Japan and France agreed to strengthen support for rare earths supply chains on Wednesday, Japan's public broadcaster NHK reported, in the latest moves by both countries to lessen dependence on the world's dominant supplier, China.

During French President Emmanuel Macron's three-day visit to Japan for talks with Prime Minister Sanae Takaichi, officials signed a roadmap to cooperate on critical minerals supply chains, NHK said.

"We cannot rely solely on specific countries, especially China," French Finance Minister Roland Lescure was quoted as saying by NHK.

The two sides also agreed to secure raw material supplies for a rare earths refining project in southern France, called Caremag, the broadcaster said.

The state-owned Japan Organization for Metals and Energy Security and gas ⁠firm Iwatani, along ⁠with the French government, are investors in Caremag, which is due to start operations in late 2026.
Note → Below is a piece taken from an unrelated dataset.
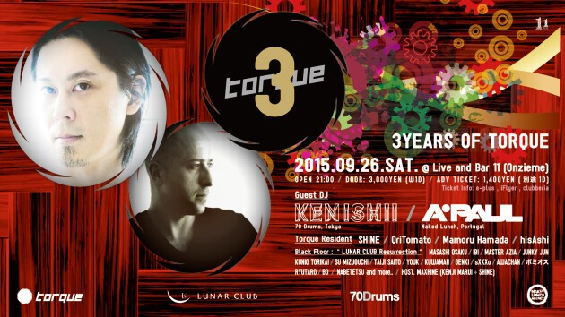 日本/環太平洋からワールドワイドにシーンを活性化させるべく立ち上がった国産テクノレーベル【Torque】が3周年を迎える。その記念すべきレーベルショーケースに、日本を代表するテクノゴッド・ケンイシイがゲスト出演する。また、世界でも有数の音圧と力強さを誇るテクノレーベル・Naked Lunchの中心人物であり世界を沸かせ続けるA.PAULもポルトガルより特別出演!Black Floorでは、大阪のテクノシーンに一石を投じたLUNAR CLUBが総勢15名以上のDJと共に約四年ぶりに一夜限りの復活!トルクでしか成し得ない、日本一パワフルなこの夜を決して見逃すな!

Japan plans to get about 20% of its future demand for dysprosium and terbium from the refining plant, heavy rare earth oxides used in magnets for EV motors, offshore wind turbines and electronic components.

Takaichi and Macron are due to issue a joint statement calling for diversifying supplies of rare earths and other critical minerals during their summit on Wednesday, the Nikkei newspaper reported separately.

The deal ⁠comes at a critical moment, with Japan and Western governments and manufacturers scrambling to secure supplies of rare earths minerals to reduce their dependency on China, the world's dominant rare earths producer and supplier.

In February, China prohibited exports of so-called dual-use items to 20 Japanese entities, which it said supply Japan's military.

That was after Takaichi angered Beijing with comments about Taiwan in November.

The rules cover seven rare earths and associated materials currently on China's dual-use control list, including dysprosium and yttrium, along with a swathe of other controlled critical minerals.

"China is pursuing a strategy of using rare earths as a diplomatic card, and if US-China and Japan–China relations improve, exports could recover quickly," said Kotaro Shimizu, principal analyst at Mitsubishi UFJ Research and Consulting.

Japan has reduced its reliance on ⁠China to 60% ⁠from 90% following a 2010 diplomatic incident which saw Beijing restricting rare earths supply to Tokyo.

Japan has been boosting investments in overseas projects like trading house Sojitz's tie-up with Australia's Lynas Rare Earths, and promoting rare earths recycling and manufacturing processes.

In the latest set of steps, Japan's Mitsubishi Materials this week agreed to acquire a stake in US ReElement, a company involved in rare earth element recycling, as both countries have set up an action plan for China alternatives.

Japan and the US are also considering joint development of rare-earth-rich mud deposits, near the remote Minamitori Island, and Japan is in talks with India to jointly explore rare earths in the desert state of Rajasthan.

Japan and France will also seek cooperation in space, with companies from the two countries expected to sign memorandums of understanding on 12 joint projects, including space debris removal and rocket launches, the Nikkei said.